Happy Cinco de Mayo!
Blackened Scallops with Grilled Corn Guacamole Recipe
16 dry large sea scallops (about 1 1/4 pounds)
4 tablespoons butter
1/3 cup Blackened Seasoning Mix
Grilled Corn Guacamole, recipe follows
Tortilla chips, for serving
Finely chopped jalapeño peppers and yellow and red bell peppers, for garnish
If not already done, remove the tough muscle from the side of each scallop by peeling it off with your fingers. Rinse and thoroughly pat dry; set aside. Preheat a large cast iron skillet over very high heat until smoking hot, 5-10 minutes (This is best done outside over a propane burner. If cooking inside, turn range hood on high and open a few windows.) Melt the butter in a small, shallow dish. Place the blackened seasoning mix in a separate shallow dish. Working in batches (do not crowd the skillet), dip each scallop in the melted butter then dredge in the blackened seasoning mix. Sear scallops, turning once, until crusty golden brown and cooked through, about 2-4 minutes per side. To serve, arrange 16 large tortilla chips on a serving platter. Top each with a layer of Grilled Corn Guacamole and one blackened scallop. Garnish with chopped peppers. Makes 8 appetizer servings.
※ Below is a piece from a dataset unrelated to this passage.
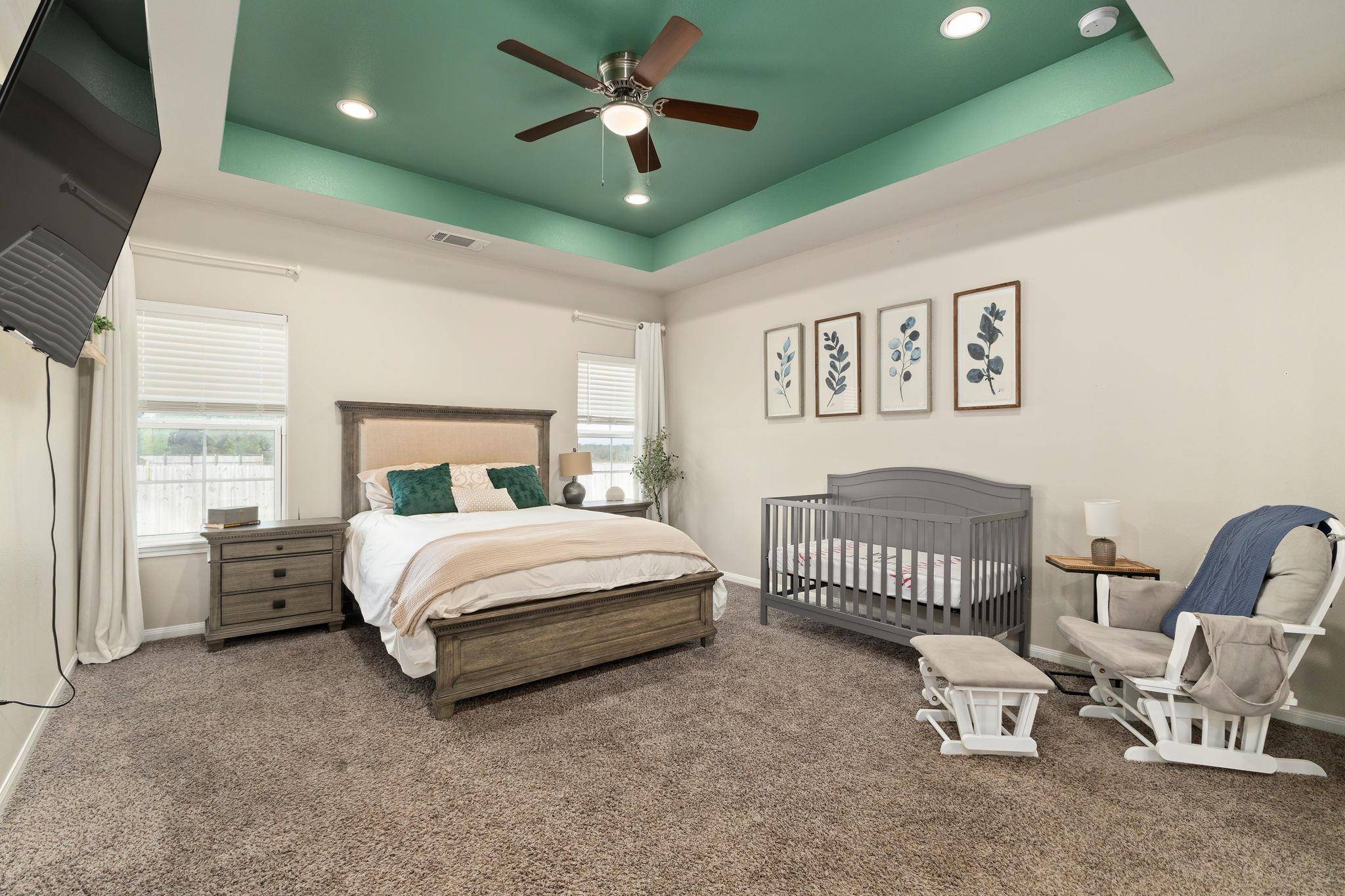 The primary suite is a serene retreat, complete with double sinks and a large walk-in closet, blending comfort with everyday luxury. Two additional bedrooms provide exceptional versatility for family, guests, or workspace needs.

Grilled Corn Guacamole Recipe
2 ears fresh corn, shucked
2 ripe Hass avocados, peeled, pitted and diced
1 small jalapeño pepper, seeded and minced
1/4 cup finely chopped red onions
1/4 cup chopped cilantro
1/4 cup fresh lime juice
2 tablespoons sour cream
Salt and pepper
Prepare grill for direct cooking over medium heat. Grill corn, turning occasionally, until lightly charred, 10-15 minutes. When cool enough to handle, cut the kernels off the cob and place in a medium bowl. Add next 6 ingredients (through sour cream) and stir to desired consistency. Season to taste with salt and pepper. Makes approximately 1 1/2 cups.